正月の松もとれて少しづつ陽も延びてきましたが、まだまだ寒さは厳しいですな。
しかし、熱海 糸川沿いの桜は間もなく満開の時を迎えようとしています。
ところで、昔からの温泉場というのは、古き良き時代には色町としても栄えていたといいます。
IMG_4976最近は、若い人たちの間でも江戸 新吉原や京 島原が注目を集めているように、かつて禁忌とされていた色町の様子が話題に上ることも多くなりました。
お上に認められた、いわゆる公娼といえば、先の吉原や島原と並んでわがふるさとしずおかの『二丁町』もその名を知られた存在です。
江戸が明治に変わり、さらに敗戦を迎えると、GHQは公娼廃止令を発布します。
しかし、かの地では半ば公然と営業が続けられ、これらは『赤線』と呼ばれるようになりました。
IMG_6247警察が管理のために伝統的な遊郭地帯を地図上で赤く囲ったことからこの名がついたのだといいます。
これに対して『青線』は昔の岡場所みたいな“非合法の色町”を指すとか。
日本では、58年に売春禁止法が施行されて、表向きにはこれらの営業は全面的に禁止されますが、赤い線や青い線で囲われた多くの町はその佇まいを平成の今に残しています。
貸座敷、玉の井、鳩の街、酩酊屋、カフェー街なんてキーワードを目にすると、なんとなくノスタルジーを感じます。

IMG_6248湯の町 熱海でも、糸川沿いをそぞろ歩くと、そこかしこにノスタルジックなカフェー建築を見つけることができます。色町の名残ですな。まぁ、名残というよりも、かつてのカフェーが看板を架け替えて今も現役バリバリの建物として使われているんですけどね。
ひとたび入り組んだ細い路地を曲がれば、そこはまるで昭和の迷宮。
『墨東奇譚』で永井荷風が歩いた玉の井のカフェー街のような風景が広がって、かつてのカフェーの玄関先に並べられた小さな鉢植えは、モノクロームの写真の中で赤いチューリップの花を咲かせています。

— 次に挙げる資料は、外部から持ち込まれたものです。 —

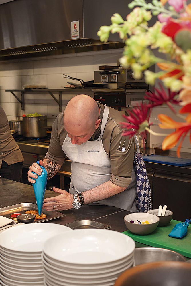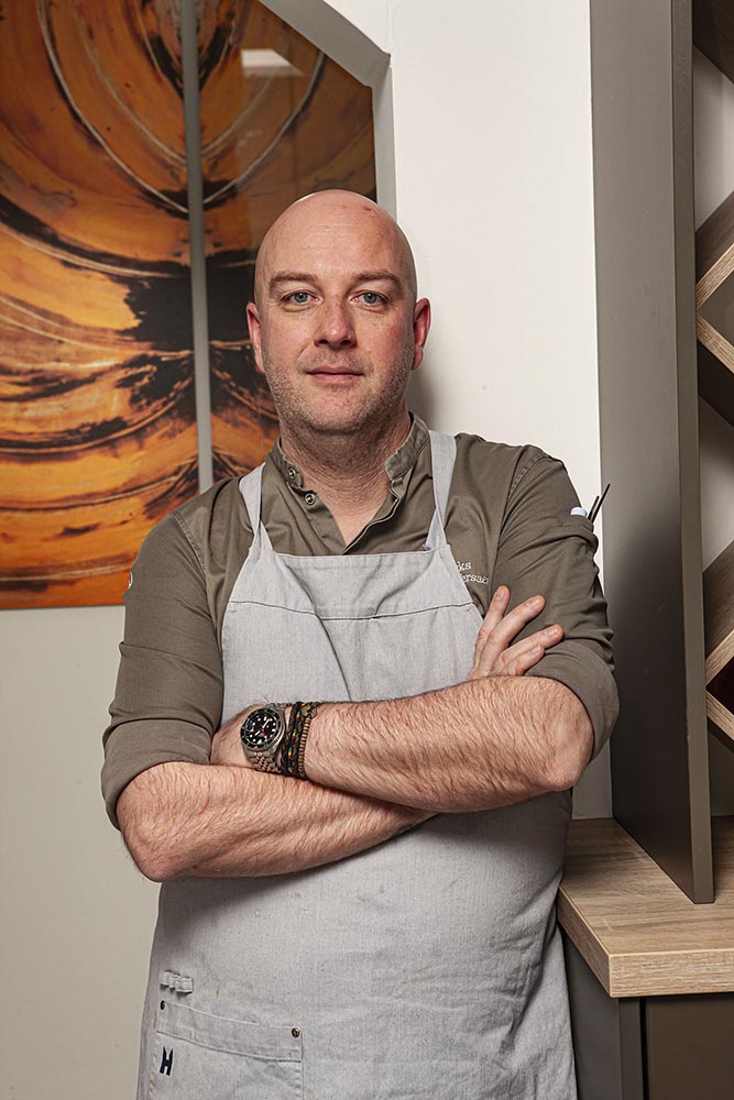 Hans Derks is een ander soort chef dan je vaak tegenkomt. Zeker, hij is kalend, getatoeëerd en heeft een tweedagenbaardje. Dat kom je vaker tegen. Maar zijn vrouw ontmoette hij niet in een ander restaurant en ze werkt ook niet mee in de zaak maar is HR-adviseur bij het Radboudumc in Nijmegen. Tijdens de gedwongen corona-sluiting stopte daardoor niet het hele inkomen en de HR-ervaring helpt ook bij het kiezen van goede mensen. “Zij is echt de stille kracht op de achtergrond”, zegt Derks. Kapsones zijn er evenmin; hij loopt ook gewoon in de bediening mee. Derks zoekt versterking van zijn team, maar veel jongeren van nu willen niet meer in de horeca werken: dat is ze te druk en stressvol…. “Wij zijn hier nu tien jaar actief en sinds 2020 hebben we een Michelinster. Die is ons echt overkomen. Maar sinds we ‘m hebben wil ik die ster wel behouden. En ik wil leuke gasten van alle leeftijden ontvangen, die enthousiast terugkeren. Dat zorgt voor continuïteit en daar gaan we hier voor!”

しかし、現実にはそんなカフェー建築も時の流れには抗えず、櫛の歯がかけるように、一軒、また一軒と取り壊され、かつて賑わいを見せたカフェー街はあちこちに空き地が目立つようになりました。
それがまた郷愁を誘うんですね。
FullSizeRender近頃、かつての輝きを取り戻しつつある熱海。
メジャーな観光地だけでなく、ここにはこんなセンチメンタルな見どころもあるのです。

で、おまけは、その糸川近くの老舗ラーメン店『わんたんや』。
本blogには2度目の登場ですが、ここはいつ行っても満員御礼。
さっぱりしたスープが際立った、まさに王道をいく一品。
ディープな熱海の象徴のひとつです。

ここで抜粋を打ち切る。